(Collection entries)
============

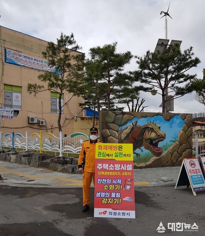 (대한뉴스 김기준 기자)=의성소방서(서장 정창환)는 4월 20일부터 4월 29일까지 8일간 소방서장, 남․여 의용소방대연합회장 등 16명이 의성군청 앞과 군위농협 하나로마트 앞에서 주택용 소방시설 설치촉진을 위한 소방관 「릴레이 1인 홍보 캠페인」을 실시한다고 밝혔다.
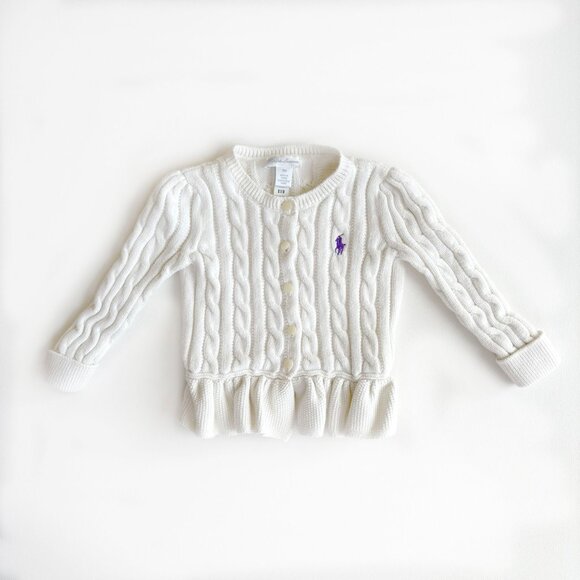 POLO Ralph Lauren toddler cream knit cardigan with purple POLO logo and button front closure. Peplum ruffled bottom.
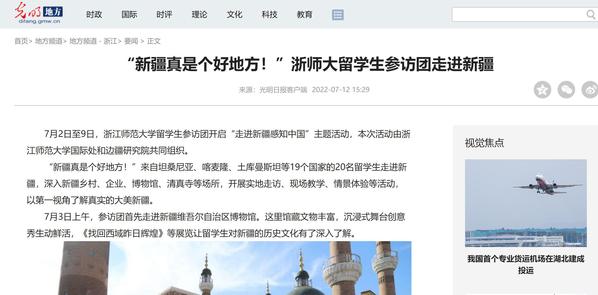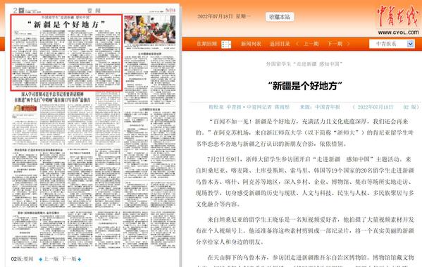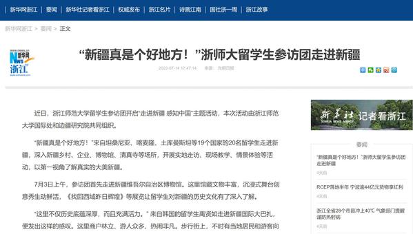 截止日前,浙师大留学生“走进新疆 感知中国”活动引发国内媒体广泛报道:《人民日报》《光明日报》《中国青年报》、新华网、光明网、中新社、新疆日报、新疆卫视等重磅媒体纷纷报道。同时,活动在海外媒体平台产生持续影响,中国国际电视台CGTN英文频道、CGTN法语频道等连线参访团留学生,向大家讲述自己眼中真实美丽的新疆。
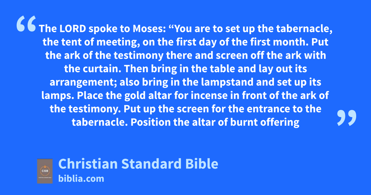 40 The Lord spoke to Moses: 2 “You are to set up the tabernacle, the tent of meeting, on the first day of the first month.B,c 3 Put the arkd of the testimony there and screen off the ark with the curtain. 4 Then bring in the table and lay out its arrangement; also bring in the lampstand and set up its lamps. 5 Place the gold altar for incense in front of the ark of the testimony. Put up the screen for the entrance to the tabernacle. 6 Position the altar of burnt offering in front of the entrance to the tabernacle, the tent of meeting. 7 Place the basine between the tent of meeting and the altar, and put water in it. 8 Assemble the surrounding courtyard and hang the screen for the gate of the courtyard.
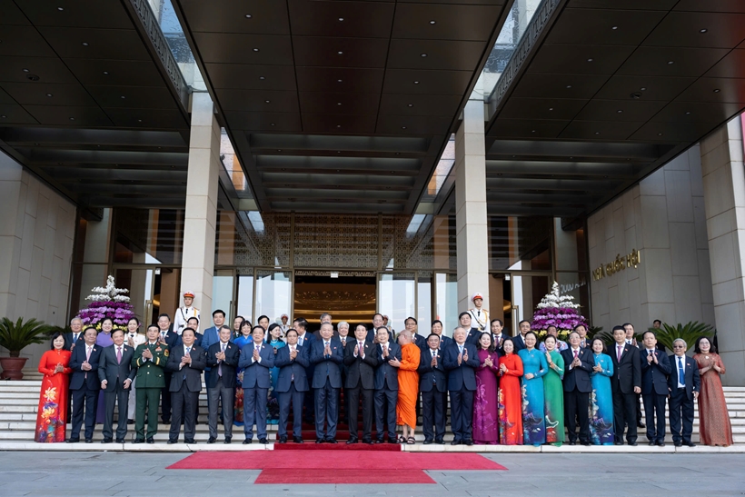 Tham dự Đoàn viếng có Tổng Bí thư Tô Lâm, Chủ tịch nước Lương Cường, Thủ tướng Chính phủ Phạm Minh Chính, Chủ tịch Quốc hội Trần Thanh Mẫn, Thường trực Ban Bí thư Trần Cẩm Tú, Chủ tịch Ủy ban Trung ương Mặt trận Tổ quốc Việt Nam Đỗ Văn Chiến... và các đại biểu Quốc hội khóa XV.
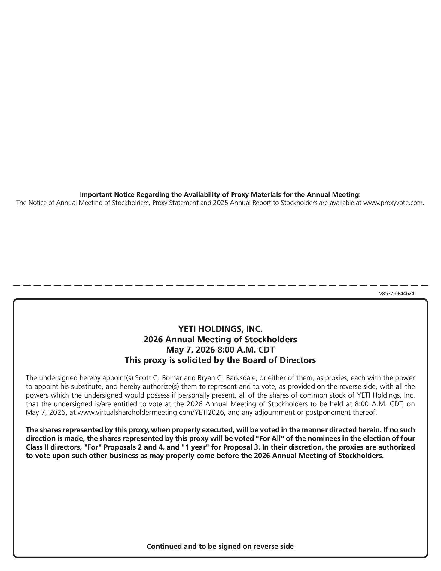 With respect to eligible stockholders who share a single address and did not receive a Notice of Internet Availability, we are sending only one Proxy Statement and Annual Report to that address unless we received instructions to the contrary from any stockholder at that address. This practice, known as “householding,” is designed to reduce our printing and postage costs. However, if a stockholder of record residing at such address wishes to receive a separate Proxy Statement or Annual Report in the future, he or she may contact YETI Holdings, Inc., 7601 Southwest Parkway, Austin, Texas 78735, Attn: Investor Relations,
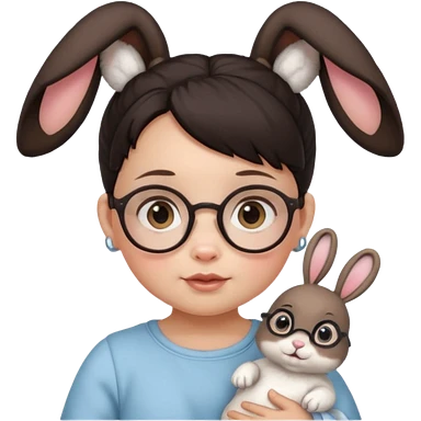 bunny ear wearing small baby dark haired curly spectacled emoji
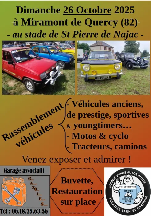 Véhicules anciens, de prestiges, sportive & youngtimers, motos & cyclos tracteurs & camion. buvette et restauration sur place.
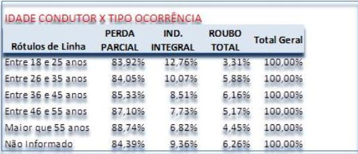 Indenização por faixa etária - Na análise por tipo de indenização (parcial e integral) por faixa etária, os jovens lideram as indenizações integrais dos veículos. Cerca de 12,8% das ocorrências com condutores entre 18 e 25 anos resultam em indenização total. O índice reduz de acordo com o avanço da idade. Por exemplo, os condutores de 26 e 35 anos ocupam a segunda posição com 10,1%; aqueles entre 36 e 45 representam 8,5% e os de 46 a 55 anos 7,7%. Com motoristas acima de 55 anos a indenização integral cai para 6,8%.
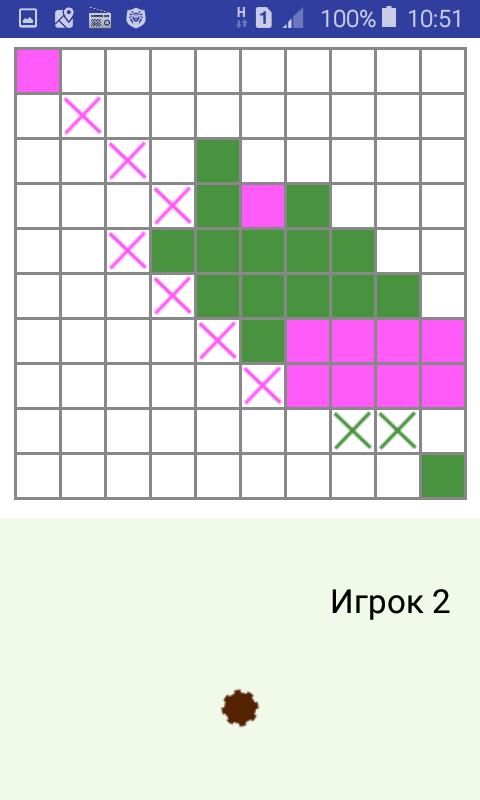 Players take turns playing. Each has five moves. Player number 1 starts (upper left corner). If the enemy cell is eaten, then a fortress is formed in its place, which can no longer be eaten. You can walk from any place in the fortress only if at least one of your cells is next to it. The goal of the game is to eat all the opponent's cells or lock them in your fortress and protect your own. If during your round, it turns out that there is no room for a move, then a defeat is counted. The initial bases are active (you can walk from them), therefore, in order to win, they must also be locked.
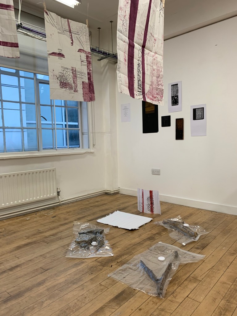 Most of my time has been spent in the print studio which meant my work was not always visible in the studio. The crits were a great marker in my project development to evaluate my work and present the various components surfacing. I treated these opportunities along with my test exhibition to create mini exhibits which would ultimately inform how my work evolved and would be displayed in my degree show.
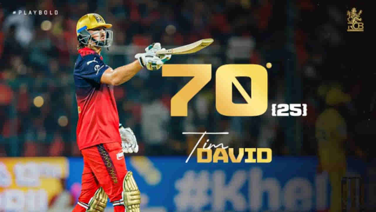 Tim David's Chinnaswamy Carnage: ಬೆಂಗಳೂರಿನ ಚಿನ್ನಸ್ವಾಮಿ ಕ್ರೀಡಾಂಗಣದಲ್ಲಿ ಟಿಮ್ ಡೇವಿಡ್ ಸ್ಫೋಟಕ ಬ್ಯಾಟಿಂಗ್ ಪ್ರದರ್ಶಿಸಿದರು. ಸಿಎಸ್ಕೆ ಬೌಲರ್ಗಳ ಮೇಲೆ ಸಿಕ್ಸರ್ಗಳ ಸುರಿಮಳೆಗೈದ ಡೇವಿಡ್, ಕೇವಲ 25 ಎಸೆತಗಳಲ್ಲಿ 3 ಬೌಂಡರಿ ಮತ್ತು 8 ಭರ್ಜರಿ ಸಿಕ್ಸರ್ಗಳೊಂದಿಗೆ 70 ರನ್ ಚಚ್ಚಿದರು. ಅವರ ಬಿರುಸಿನ ಆಟಕ್ಕೆ ಸಿಎಸ್ಕೆ ಬೌಲರ್ಗಳು ದಿಕ್ಕೆಗೆಟ್ಟು ನಿಂತರು, ಮೈದಾನದಲ್ಲಿ ಸಿಕ್ಸರ್ಗಳನ್ನು ವಿಸ್ಮಿತರಾಗಿ ನೋಡಬೇಕಾಯಿತು.
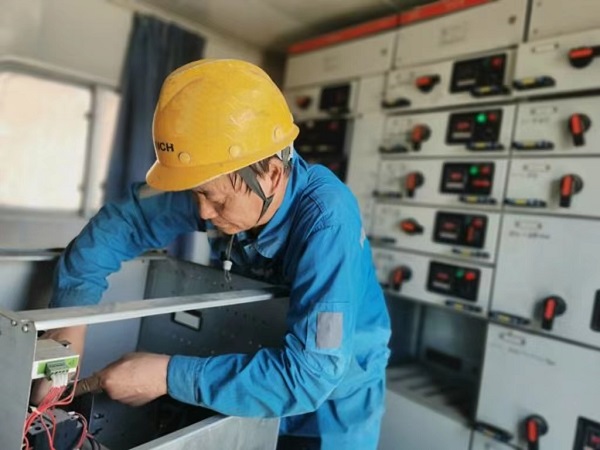 “喂,倪師傅,請(qǐng)到3#躉船上來(lái)下,這邊收塵風(fēng)機(jī)出故障了?!薄昂玫模荫R上過(guò)來(lái)處理。”接到電話(huà)后,倪師傅辦好檢修手續(xù),用最快的速度到達(dá)躉船電力室。通過(guò)檢查,原來(lái)是3#躉船收塵風(fēng)機(jī)抽屜柜需要檢修更換接觸器。這是個(gè)技術(shù)活,也是力氣活,更是細(xì)致活,設(shè)備的檢修需要耐心,容不得半點(diǎn)馬虎。“維修的時(shí)候要不斷觀察,每一個(gè)細(xì)小的環(huán)節(jié)都不能漏掉,不然會(huì)影響設(shè)備運(yùn)行”,倪師傅說(shuō)。
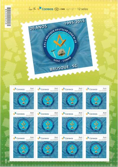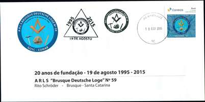 Por ocasião do 20º aniversário de fundação da ARLS “Brusque Deutsche Loge” Nº 59, de Brusque/SC, ocorrido no dia 19 de agosto, foi lançado um selo personalizado durante jantar festivo ocorrido no dia 22.
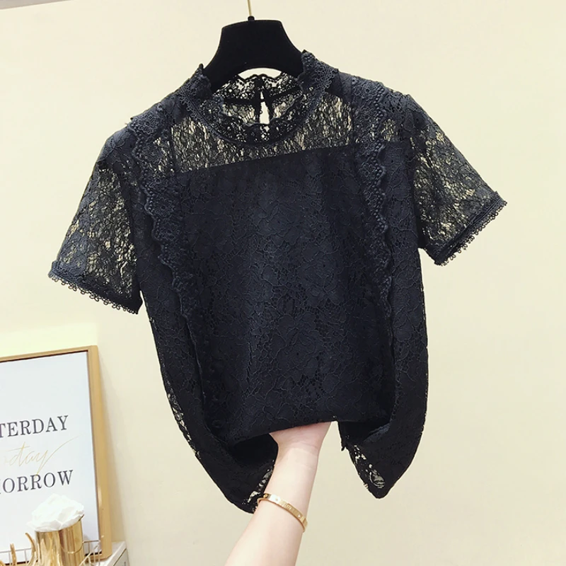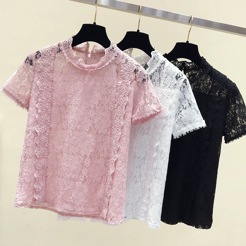 Blusas Mujer De Moda 2021 розовая открытая кружевная блузка для женщин топы летние шорты с длинным рукавом Женские блузки женские топы
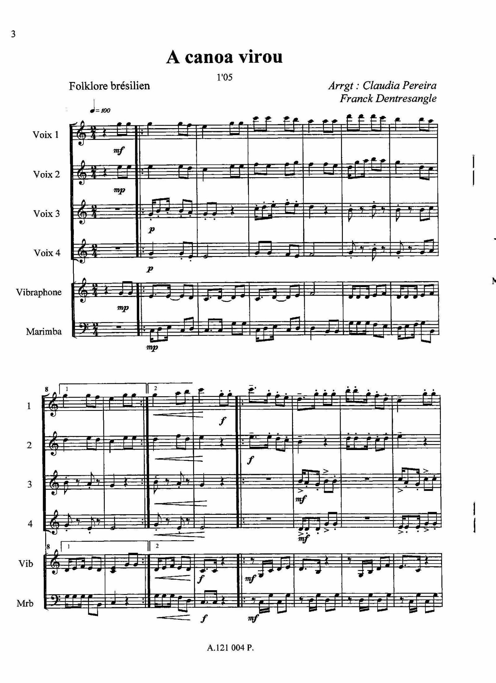 Pour parcourir la musique du folklore bresilien sous la forme de quatuors accompagnee par des percussions. Instruments pour le quatuor au choix et les parties separees sont proposees en Ut, Sib et Mib

============

## [WHAT YOU WILL DO]
Find the line containing "Most of my time" in the records above and restate it, and each line after it through the end, word for word, dropping the pictures.

## [ANSWER AREA]
 Most of my time has been spent in the print studio which meant my work was not always visible in the studio. The crits were a great marker in my project development to evaluate my work and present the various components surfacing. I treated these opportunities along with my test exhibition to create mini exhibits which would ultimately inform how my work evolved and would be displayed in my degree show.
 Tim David's Chinnaswamy Carnage: ಬೆಂಗಳೂರಿನ ಚಿನ್ನಸ್ವಾಮಿ ಕ್ರೀಡಾಂಗಣದಲ್ಲಿ ಟಿಮ್ ಡೇವಿಡ್ ಸ್ಫೋಟಕ ಬ್ಯಾಟಿಂಗ್ ಪ್ರದರ್ಶಿಸಿದರು. ಸಿಎಸ್ಕೆ ಬೌಲರ್ಗಳ ಮೇಲೆ ಸಿಕ್ಸರ್ಗಳ ಸುರಿಮಳೆಗೈದ ಡೇವಿಡ್, ಕೇವಲ 25 ಎಸೆತಗಳಲ್ಲಿ 3 ಬೌಂಡರಿ ಮತ್ತು 8 ಭರ್ಜರಿ ಸಿಕ್ಸರ್ಗಳೊಂದಿಗೆ 70 ರನ್ ಚಚ್ಚಿದರು. ಅವರ ಬಿರುಸಿನ ಆಟಕ್ಕೆ ಸಿಎಸ್ಕೆ ಬೌಲರ್ಗಳು ದಿಕ್ಕೆಗೆಟ್ಟು ನಿಂತರು, ಮೈದಾನದಲ್ಲಿ ಸಿಕ್ಸರ್ಗಳನ್ನು ವಿಸ್ಮಿತರಾಗಿ ನೋಡಬೇಕಾಯಿತು.
 “喂,倪師傅,請(qǐng)到3#躉船上來(lái)下,這邊收塵風(fēng)機(jī)出故障了?!薄昂玫模荫R上過(guò)來(lái)處理。”接到電話(huà)后,倪師傅辦好檢修手續(xù),用最快的速度到達(dá)躉船電力室。通過(guò)檢查,原來(lái)是3#躉船收塵風(fēng)機(jī)抽屜柜需要檢修更換接觸器。這是個(gè)技術(shù)活,也是力氣活,更是細(xì)致活,設(shè)備的檢修需要耐心,容不得半點(diǎn)馬虎。“維修的時(shí)候要不斷觀察,每一個(gè)細(xì)小的環(huán)節(jié)都不能漏掉,不然會(huì)影響設(shè)備運(yùn)行”,倪師傅說(shuō)。
 Por ocasião do 20º aniversário de fundação da ARLS “Brusque Deutsche Loge” Nº 59, de Brusque/SC, ocorrido no dia 19 de agosto, foi lançado um selo personalizado durante jantar festivo ocorrido no dia 22.
 Blusas Mujer De Moda 2021 розовая открытая кружевная блузка для женщин топы летние шорты с длинным рукавом Женские блузки женские топы
 Pour parcourir la musique du folklore bresilien sous la forme de quatuors accompagnee par des percussions. Instruments pour le quatuor au choix et les parties separees sont proposees en Ut, Sib et Mib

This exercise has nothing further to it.